• _Exercise data_
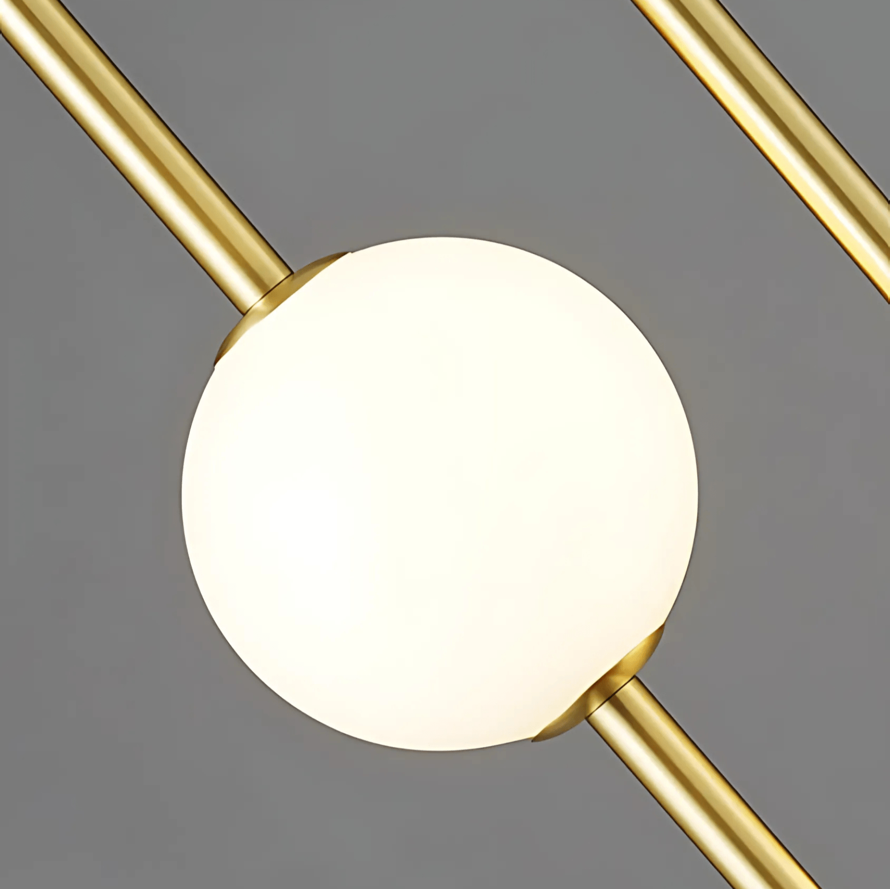 La lámpara colgante Link Collection encarna la esencia del minimalismo moderno con su estructura lineal y elegante y su difusor esférico central.
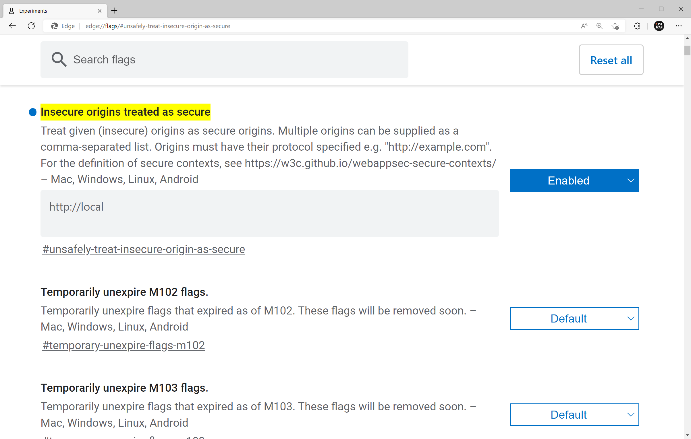 浏览器里打开chrome://flags。启用配置“Insecure origins treated as secure”。(或者直接打开:edge://flags/#unsafely-treat-insecure-origin-as-secure)并将测试网址添加到白名单里。
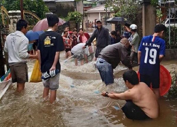 Người dân đổ xô ra đường bắt cá lên theo dòng nước.
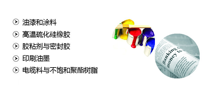 应用:油漆和涂料、HTV高温硫化硅橡胶与液体硅橡胶、胶粘剂与密封胶、印刷油墨、电缆料与不饱和聚酯树脂
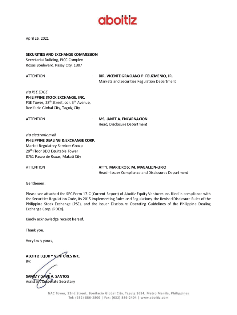 April 26, 2021SECURITIES AND EXCHANGE COMMISSION Secretariat Building, PICC Complex Rojas Boulevard, Pasty City, 1307 ATTENTION:DIR. VICENTE GRACIANO P. FELIZMENIO, JR. Markets and Securities Regulation
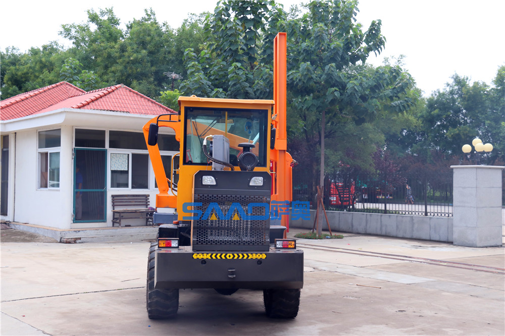 裝載機(jī)式護(hù)欄打樁機(jī)是薩奧機(jī)械根據(jù)市場需求和自身技術(shù)成熟的情況下面向客戶需求而研發(fā)的一款產(chǎn)品,是集裝載、打樁、鉆孔等功能為一體的新型產(chǎn)品。采用全新設(shè)計(jì)理念、精心研制整體功能,結(jié)構(gòu)模塊化兼顧的設(shè)計(jì)思想,全封閉各木式安裝結(jié)構(gòu),更利于產(chǎn)品快速安裝和轉(zhuǎn)場,可廣泛運(yùn)用于公路、高速等路面護(hù)欄的樁孔鉆進(jìn)工作。
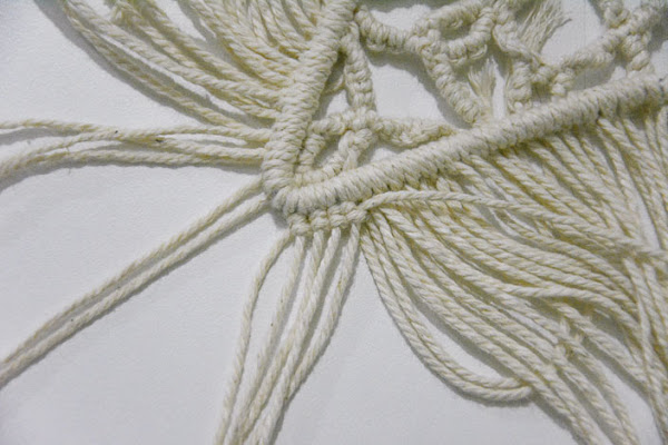 Una vez acabado el diseño, nos toca rellenar los huecos de metal que nos han quedado entre las cuerdas. Es cuestión de cortar trocitos pequeños de cuerda e ir atándolos con un nudo de alondra. Yo he aprovechado también las hebras que me habían quedado más largas de la estrella para ésto.
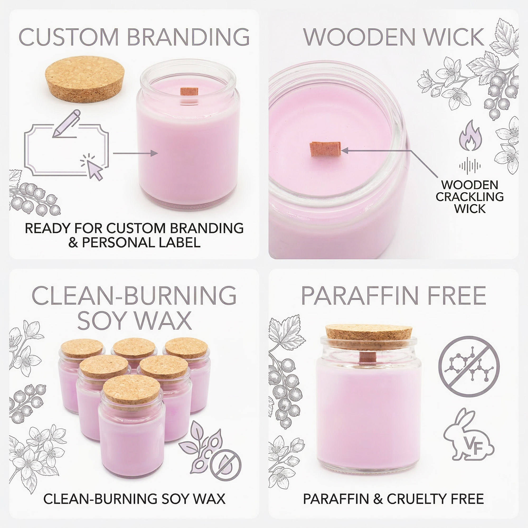Soywax, Woodwick, Glass Jar, Cork, Paper
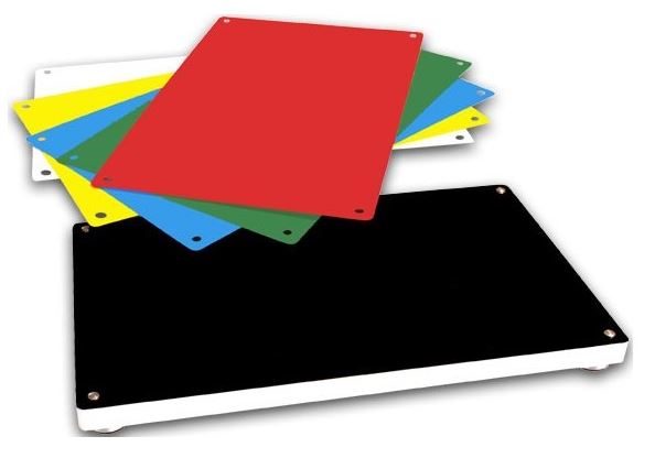 La particularité de cette planche à découper réside dans son ingénieux système de clic breveté en acier inoxydable. Vous découpez vos ingrédients crus sur les supports supérieurs, fermement fixés à la planche. Ces supports sont inodores et de qualité alimentaire. Fabriqués en PP (polypropylène) spécial, ils sont disponibles en six couleurs différentes, conformément aux directives HACCP. Ce système permet d'utiliser un support différent pour chaque produit, évitant ainsi le mélange des germes présents dans le poisson, la viande ou la volaille. Les risques de salmonelles et de campylobactéries sont ainsi minimisés. La couleur noire s'adapte à différentes présentations. Vos couteaux ne s'émousseront pas. Des traces de coupe apparaîtront naturellement sur les supports. Mais ce n'est pas un problème, car vous pouvez utiliser les supports des deux côtés. Au quotidien, vous pouvez couper de chaque côté pendant environ 8 à 10 semaines (!).
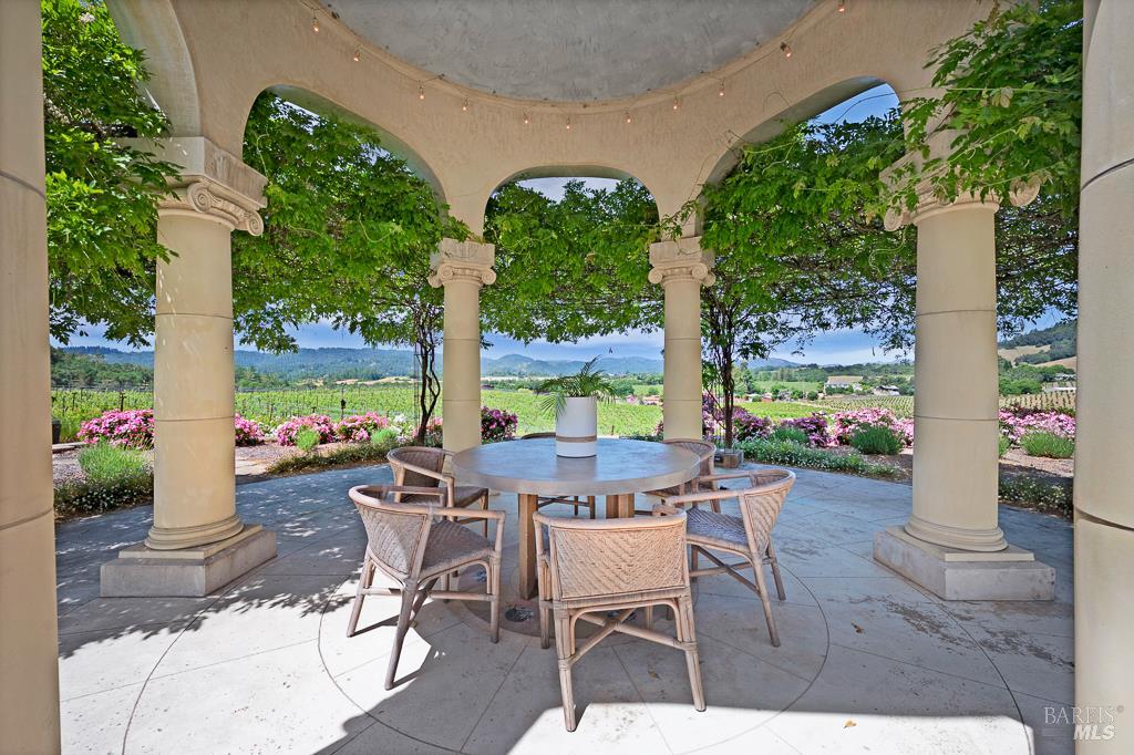 Perched atop a sun-kissed knoll in the rolling hills of Healdsburg just minutes from the famed Plaza, this breathtaking gated estate radiates the timeless romance of the Italian countryside. Sweeping 360 views of vine-draped valleys and golden hills create a setting straight from a Tuscan dream. The main residence is a harmonious blend of rustic charm and modern luxury, with warm stucco walls, clay tile roof, and stone paths winding through fragrant gardens and olive trees. Inside, soaring ceilings, a private elevator, butler's kitchen, and wine cellar evoke refined living. French doors open to patios perfect for dining under the stars, while the sparkling pool, spa, and full bath changing room invite leisurely afternoons. A 1-bedroom guest cottage offers serene vineyard views and private repose. Across 23.5 acres, life flourishes with vegetable and flower gardens, fruit trees, and two chicken coops. This is a place to gather, savor, and dream where every detail whispers romance, rooted in the heart of wine country.
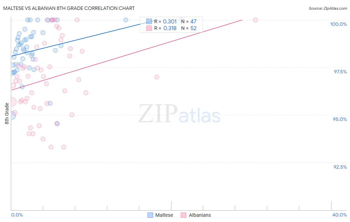 The statistical analysis conducted on geographies consisting of 126,476,608 people shows a mild positive correlation between the proportion of Maltese and percentage of population with at least 8th grade education in the United States with a correlation coefficient (R) of 0.301 and weighted average of 96.9%. Similarly, the statistical analysis conducted on geographies consisting of 193,265,850 people shows a mild positive correlation between the proportion of Albanians and percentage of population with at least 8th grade education in the United States with a correlation coefficient (R) of 0.318 and weighted average of 96.0%, a difference of 0.93%.
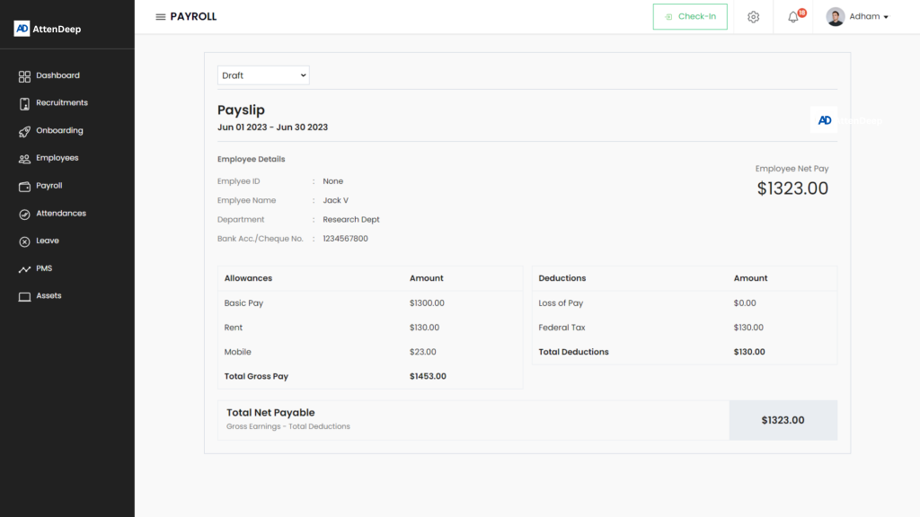 Generate professional and detailed payslips effortlessly with AttenDeep HRMS. The payroll system automatically calculates employee salaries, including allowances, deductions, and taxes, ensuring accurate and comprehensive payslips for each pay period. This streamlined process enhances transparency, supports compliance, and saves valuable time for HR teams.
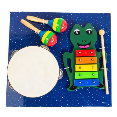Fargerik perkusjonspakke for barn Klokkespill med trefot og metall lydstav, inkl. hammer Tamburin av tre med skinn og tre par bjeller Et par...Les mer om produktet
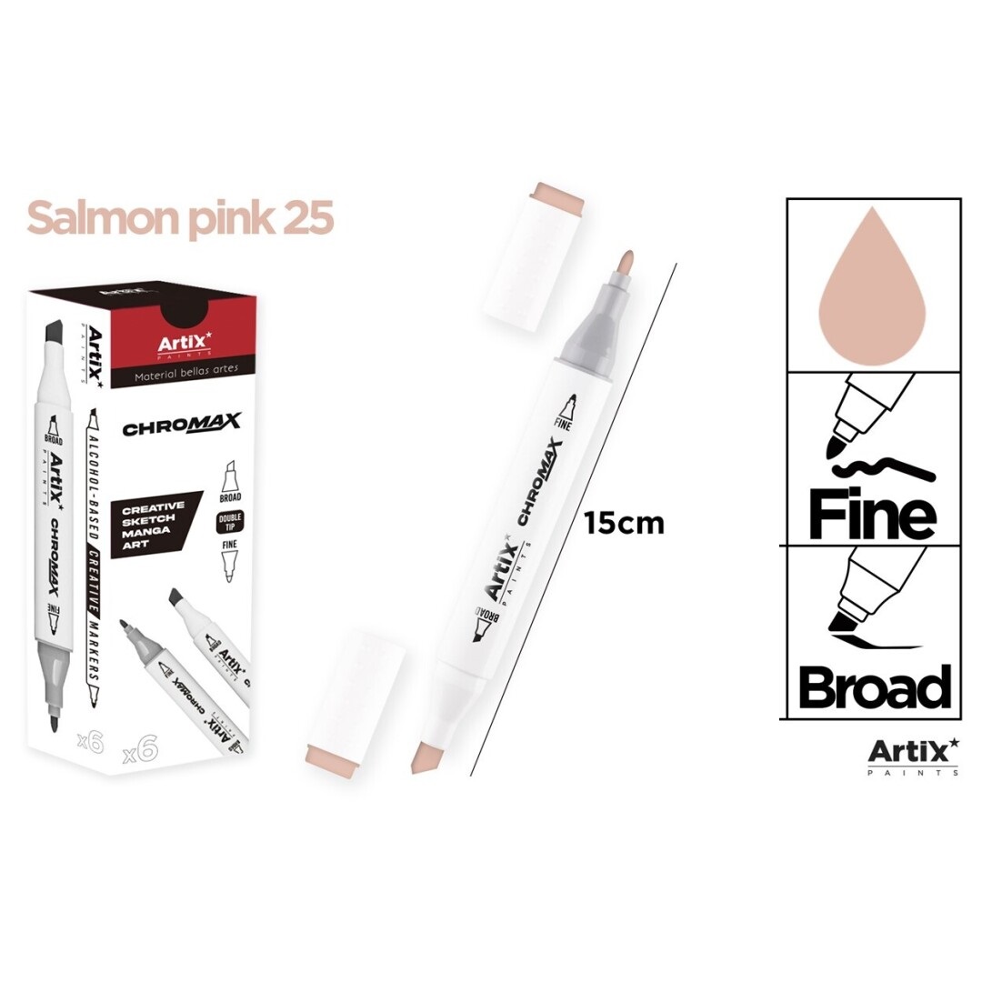 Creative marker with double tip and alcohol-basedink.Plastic body. 1 mm fine tip and 2-5 mm chiseltipfor precise lines. Ideal for making creativedrawings,sketches, manga, comics and any pencreation.Perfect for hobby artists, designers, andanycreative use. Wide range of colours to createanydesign.
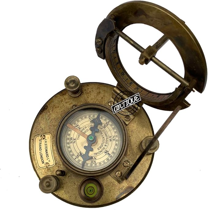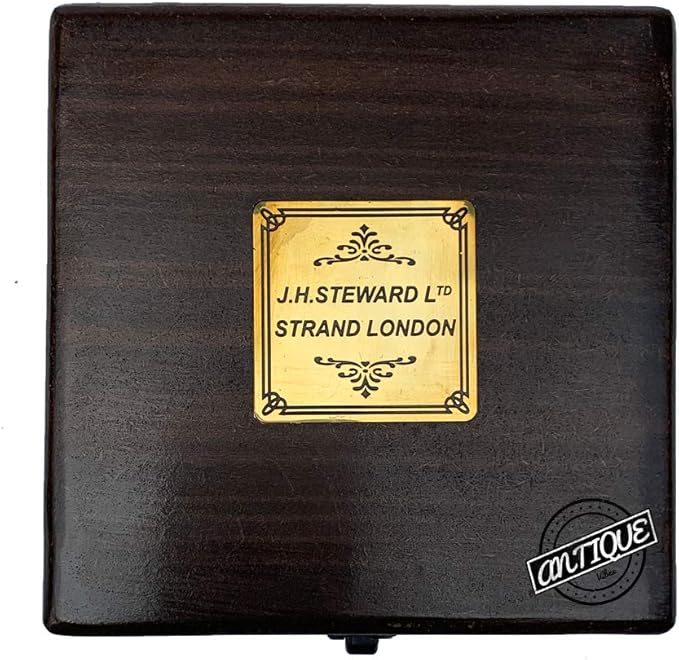• Compass Size: 10 cm 4' inches Box Dimension: 12 x 12 x 6 cm Material: Brass & Wood Finish: Antique brass Weight: 500 grams with box Type: Magnetic Sundial Compass

• _Activity_
Transcribe the entries from their first line to the line that holds "origins treated as", both included, and skip every picture.

• _Result of the exercise_
 La lámpara colgante Link Collection encarna la esencia del minimalismo moderno con su estructura lineal y elegante y su difusor esférico central.
 浏览器里打开chrome://flags。启用配置“Insecure origins treated as secure”。(或者直接打开:edge://flags/#unsafely-treat-insecure-origin-as-secure)并将测试网址添加到白名单里。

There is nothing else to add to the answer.